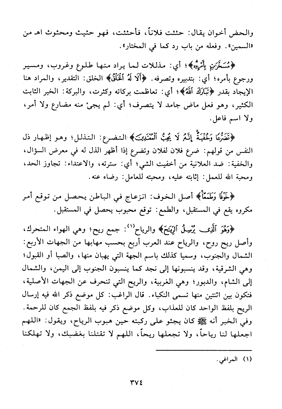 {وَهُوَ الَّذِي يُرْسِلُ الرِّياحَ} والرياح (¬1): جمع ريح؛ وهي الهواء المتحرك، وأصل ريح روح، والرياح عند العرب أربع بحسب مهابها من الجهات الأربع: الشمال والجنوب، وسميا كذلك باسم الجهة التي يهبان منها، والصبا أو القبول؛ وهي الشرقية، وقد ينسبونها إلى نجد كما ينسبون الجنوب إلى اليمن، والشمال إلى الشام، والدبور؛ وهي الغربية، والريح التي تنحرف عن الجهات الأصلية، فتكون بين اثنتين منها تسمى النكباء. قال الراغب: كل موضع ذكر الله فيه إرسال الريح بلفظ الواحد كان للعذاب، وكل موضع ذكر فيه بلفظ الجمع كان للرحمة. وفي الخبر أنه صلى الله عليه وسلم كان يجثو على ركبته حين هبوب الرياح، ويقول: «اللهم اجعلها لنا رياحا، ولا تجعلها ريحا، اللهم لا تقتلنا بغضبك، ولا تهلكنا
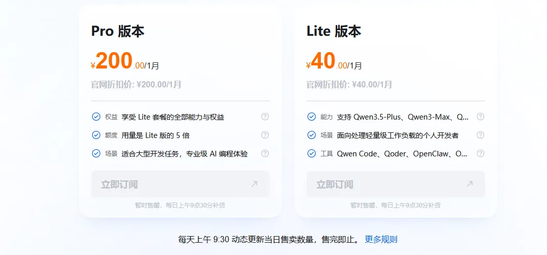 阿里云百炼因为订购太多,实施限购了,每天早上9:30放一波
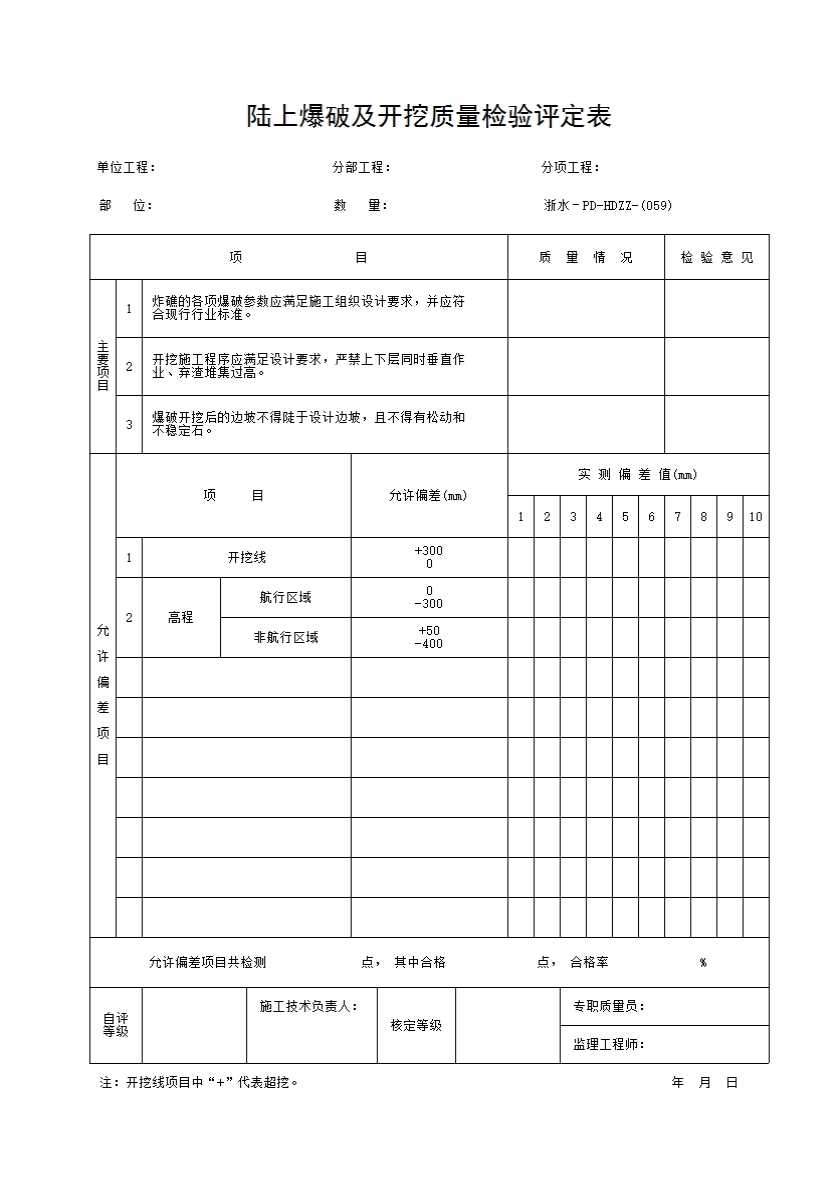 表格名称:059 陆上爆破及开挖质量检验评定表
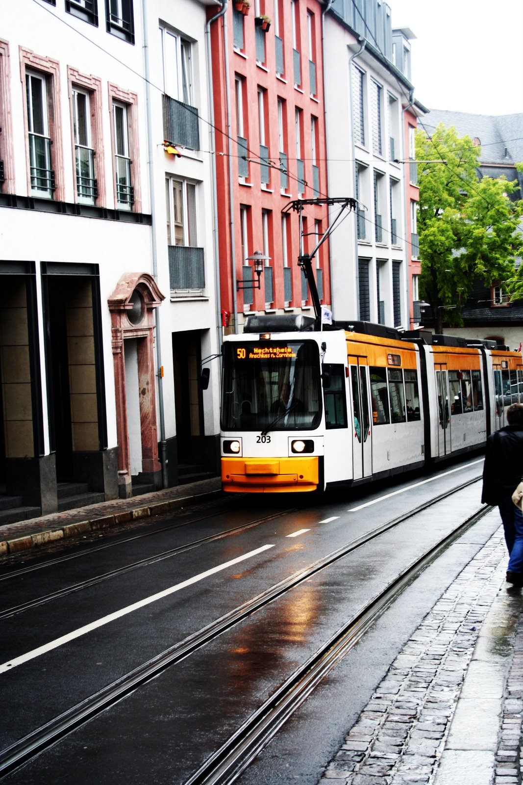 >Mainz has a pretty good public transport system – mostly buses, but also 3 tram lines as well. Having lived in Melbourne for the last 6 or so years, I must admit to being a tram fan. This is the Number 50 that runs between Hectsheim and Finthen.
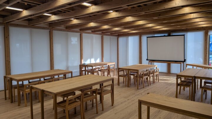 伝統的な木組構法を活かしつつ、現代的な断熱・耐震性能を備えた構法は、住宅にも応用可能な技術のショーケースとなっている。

■ ■ ■ ■ ■

Copy the lines above exactly, starting at the one with "阿里云百炼因为订购太多,实施限购了,每天早上9:30放一波" and ending at the one with "Hectsheim and Finthen.", both included. Leave out any pictures and add nothing else.

 阿里云百炼因为订购太多,实施限购了,每天早上9:30放一波
 表格名称:059 陆上爆破及开挖质量检验评定表
 >Mainz has a pretty good public transport system – mostly buses, but also 3 tram lines as well. Having lived in Melbourne for the last 6 or so years, I must admit to being a tram fan. This is the Number 50 that runs between Hectsheim and Finthen.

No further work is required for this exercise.